Игуменья вскочила, словно подброшенная пружиною, и одно мгновение стояла немая и бледная, подняв глаза к небу.
– О, сударыня, – проговорила она наконец голосом, казавшимся спокойным, но в котором, однако же, отражалось охватившее ее волнение, – о, сударыня, так и вы меня не знаете, вы, которая пришла сюда просить позволения плакать на его могиле? Значит, вы не знаете, что я заплатила моею свободою, моим счастьем в этом мире и всеми слезами моего сердца за ту грустную радость, половину которой вы у меня выпрашиваете? Вы Нанона Лартиг, а я, когда у меня еще было имя, называлась виконтессою Канб.
Нанона испустила крик, подошла к игуменье, и, приподняв покрывало, которым были закрыты потухшие глаза монахини, она узнала свою соперницу.
– Это она, – пробормотала Нанона, – она, которая была такая красавица, когда приезжала в Сен-Жорж! Ах, бедная!
Она отступила на шаг, все не сводя глаз с виконтессы и грустно покачивая головою.

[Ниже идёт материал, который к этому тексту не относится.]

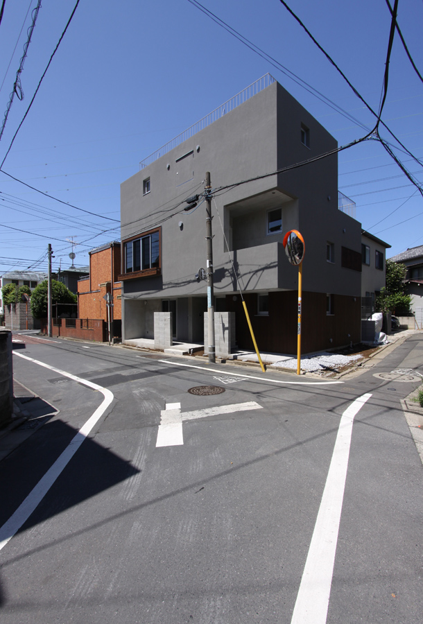 周辺が立て込んだ住宅地に建つ3階建ての二世帯住宅。道路斜線と北側斜線の稜線に納まる、凸凹...

– О! – воскликнула в свою очередь виконтесса, увлекаемая тем удовлетворением гордости, которое побуждает нас убедить себя в том, что мы умеем страдать лучше и глубже, чем другие. – О, вы только что произнесли хорошее слово, которое принесло мне пользу. О, должно быть, я жестоко страдала, если я так жестоко изменилась. Значит, я много пролила слез. Значит, я несчастнее, чем вы, потому что вы все еще прекрасны!
И виконтесса подняла к небу, словно ища там Каноля, глаза, в которых впервые за этот месяц сверкнул луч радости.
Нанона закрыла глаза руками и горько плакала.
– Увы, сударыня, – говорила она, – я не знала, к кому я обращаюсь. Я уже целый месяц не знаю, что вокруг меня происходит, не знаю, что могло сохранить мою красоту. Все это время я была в безумии. И вот теперь я здесь. Я не хочу, чтобы даже в самой смерти ревновали меня. Я прошу, чтобы меня взяли сюда, как самую простую монашенку. Сделайте из меня все, что вам угодно. Ведь в случае моего неповиновения вы можете карать меня со всею строгостью монастырского устава. Но все же, – добавила она дрожащим голосом, – время от времени вы ведь будете мне позволять видеть место, где покоится этот человек, которого мы так любили?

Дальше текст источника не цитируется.